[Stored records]
•••
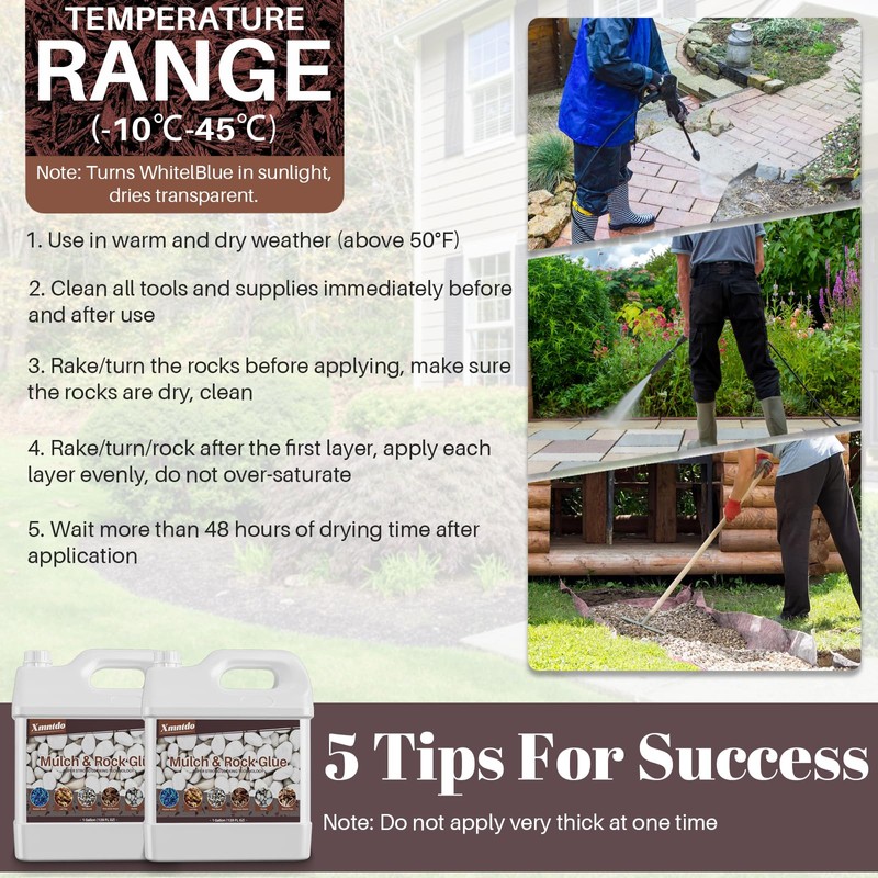 - EASY LANDSCAPE MAINTENANCE: Are you tired of having to constantly sweep up loose mulch, gravel, and messy gardens? Say goodbye to a messy yard now! Xmntdo Rock Glue eliminates the hassles of overgrown weeds, frequent sweeping, and expensive gardener fees. Keep your landscape in place and tidy, and you can enjoy a pristine, low-maintenance landscape all year round.
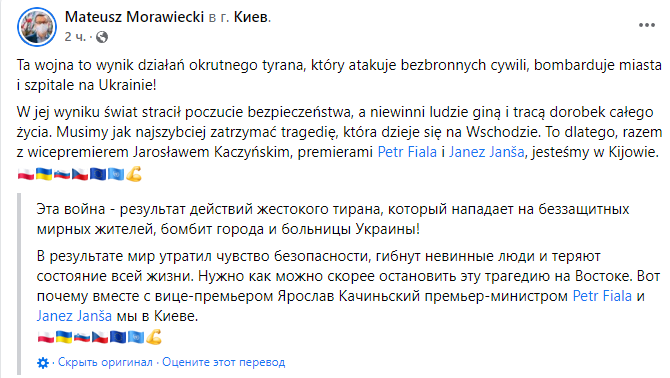 Об этом сообщил во вторник в своем Facebook глава польского правительства Матеуш Моравецкий.
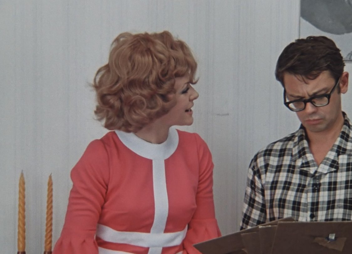 На кадре из фильма "Бриллиантовая рука" фотомодель пытается продать свое платье с перламутровыми пуговицами незнакомцу. 1969 год. СССР.
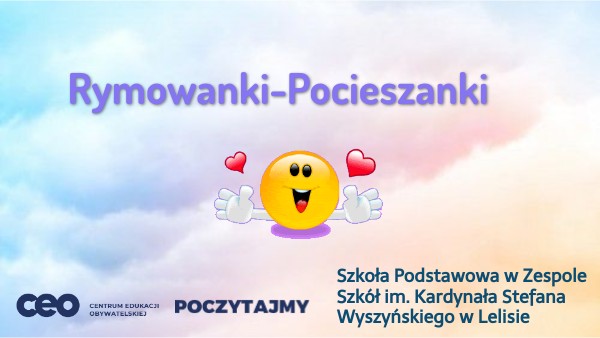 O mojej szkole w Lelisie, Będzie dużo w opisie. Atmosfera jest wzrorowa, Doskonała i kultowa. Nauczyciele są wspaniali, Pomocni i doskonali. W naszej szkole znajdziesz wszystko, Klasy, szatnie i boisko. Każdy z nas pochłania wszystko, Dużo wiedzy i nie tylko. Poznajemy cały świat, Od wagarów trzymamy się wspak. Pan od w-f fajny jest, bo zaprasza nas na SKS. Na stołówce pyszne zupy dają, Bo Panie kucharki bardzo się starają. Biblioteka nieopodal jest I dlatego szkoła w Lelisie jest THE BEST!
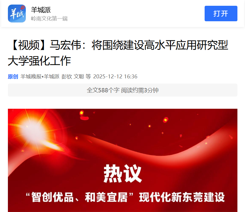 会后,开云kaiyun官方网站党委副书记、校长马宏伟接受专访,阐述学校围绕市委全会精神谋划“十五五”发展规划的整体思路。他表示,学校将以建设高水平应用研究型大学为主线,重点从三方面对接与服务东莞新发展格局。
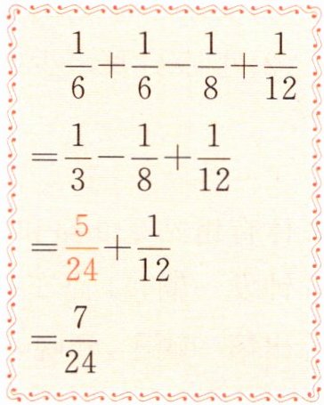 4. (新题型)乐乐买了一本《三国演义》,第一天看了全书的$\frac{1}{6}$,第一天比第二天多看了全书的$\frac{1}{8}$,第三天看了全书的$\frac{1}{12}$。如图所示是求他三天共看了这本书的几分之几的过程,算式中的“$\frac{5}{24}$”表示的是( )。
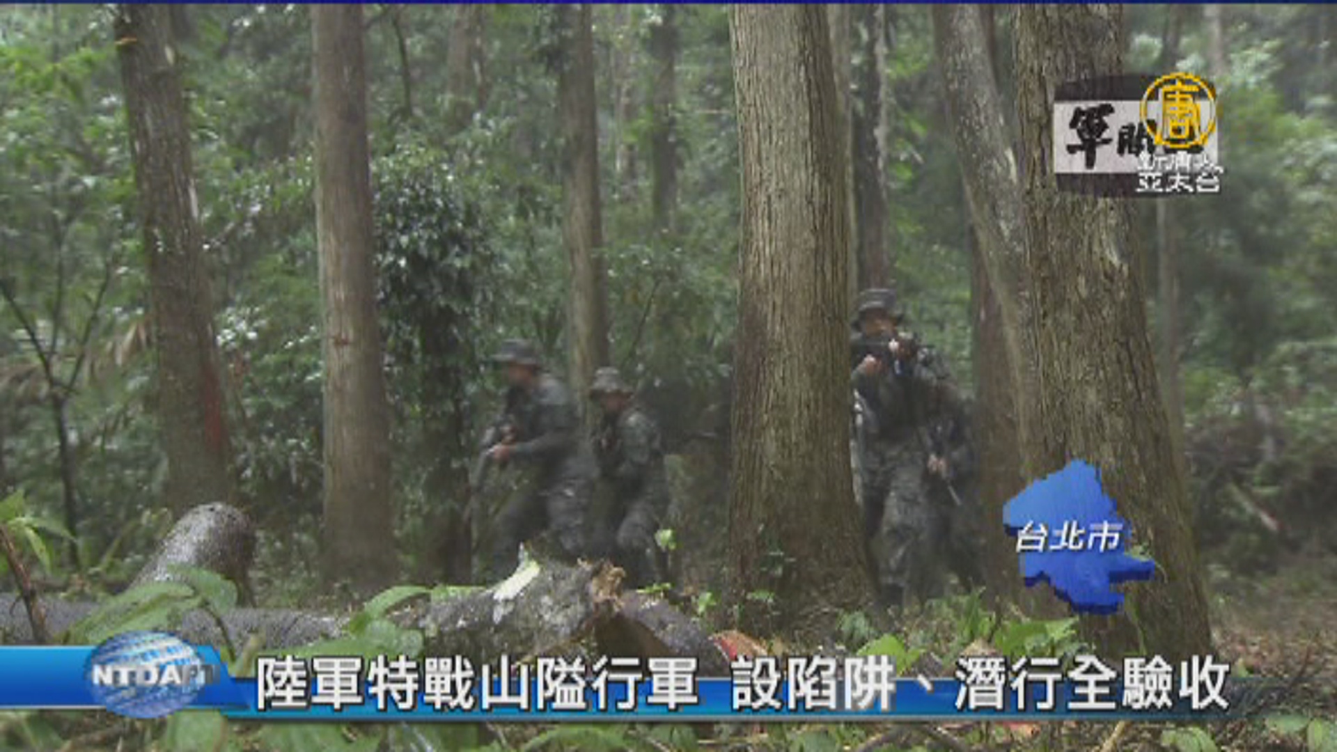 【新唐人亞太台 2017 年 07 月 01 日訊】陸軍特戰部隊,輪番進行山隘行軍訓練,官兵們得在海拔2000公尺的原始山林地,靠簡單裝備,從台中徒步向桃園前進。一路上要模擬,遭到敵軍追擊的時候,如何設置陷阱阻斷通路,還要克服濕熱的雨後叢林環境。
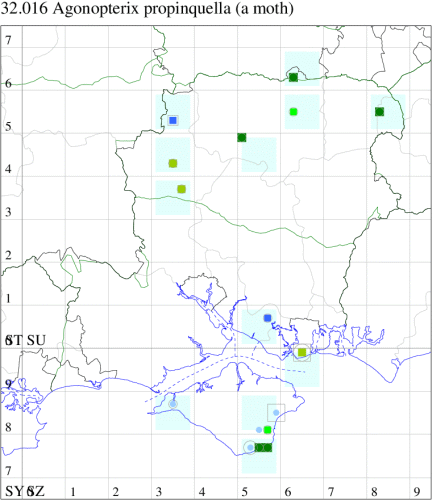 Local in waste ground and rough grassland throughout much of England, Wales, southern Scotland and southern Ireland. In Hampshire and on the Isle of Wight there have been very few recent records of this species, and it has been recorded in recent years only from Sherborne St John and Blagden Lodge, Wildhern, in the north of the county, and Shanklin on the Isle of Wight. Wingspan 16-19 mm. The most likely confusion species is A. subpropinquella, which see for differences. Larva feeds on Creeping Thistle and Spear Thistle, living within a spun or rolled leaf.
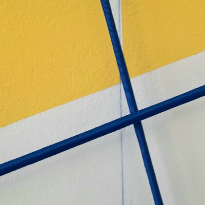 Le peintre Pierre Bonnard disait "on ne met jamais trop jaune" il semblerait bien que l'artiste l'ait pris au pied de la lettre puisque non seulement il en met beaucoup (du jaune) mais en plus il ne met que ça - par endroits seulement, restent quelques zones d'une blancheur éclatante. Posé en aplats uniformes, ce jaune joue de toutes les manières possibles avec la toile sur laquelle il est apposé. Par ailleurs, intégrés aux compositions, toutes sortes d'instruments de mesure et de construction (des règles, des équerres, des mètres, des fils à plomb...) viennent interagir avec ce débordement monochromatique et le contraignent de manière parfois assez amusante. En effet en dépit d'une approche conceptuelle dont la mise en forme minimale peut paraître parfois austère, la pratique d'Orépük est sous-tendue par l'idée que la création est un jeu. Un jeu qui se joue à partir des éléments de vocabulaire propre à la peinture de chevalet : la toile, le châssis, la couleur. À cela, Orépük adjoint donc les différents outils évoqués plus haut, affirmant ainsi à quel point la peinture est avant tout pour lui un art de la construction même s'il lui arrive de démonter ses toiles : il les scie, les retourne, les emboite, les fend à coup de cutter... On pense alors à Fontana, mais aussi au groupe Supports/Surfaces et à tous les artistes de la seconde moitié du XXe siècle qui ont disséqué la peinture dont on avait annoncé un peu prématurément la mort. Les premières décennies du XXIe siècle nous ont prouvé qu'il n'en était rien, une nouvelle génération d'artistes semblait résolue à ne pas célébrer l'oraison funèbre de ce médium... Orépük lui est resté attaché à la tradition formaliste de la fin du siècle dernier.
•••
Work required: Beginning with the first line of the records, write out every line up to and including the one with "На кадре из", exactly, and omit all pictures.

Task response:
 - EASY LANDSCAPE MAINTENANCE: Are you tired of having to constantly sweep up loose mulch, gravel, and messy gardens? Say goodbye to a messy yard now! Xmntdo Rock Glue eliminates the hassles of overgrown weeds, frequent sweeping, and expensive gardener fees. Keep your landscape in place and tidy, and you can enjoy a pristine, low-maintenance landscape all year round.
 Об этом сообщил во вторник в своем Facebook глава польского правительства Матеуш Моравецкий.
 На кадре из фильма "Бриллиантовая рука" фотомодель пытается продать свое платье с перламутровыми пуговицами незнакомцу. 1969 год. СССР.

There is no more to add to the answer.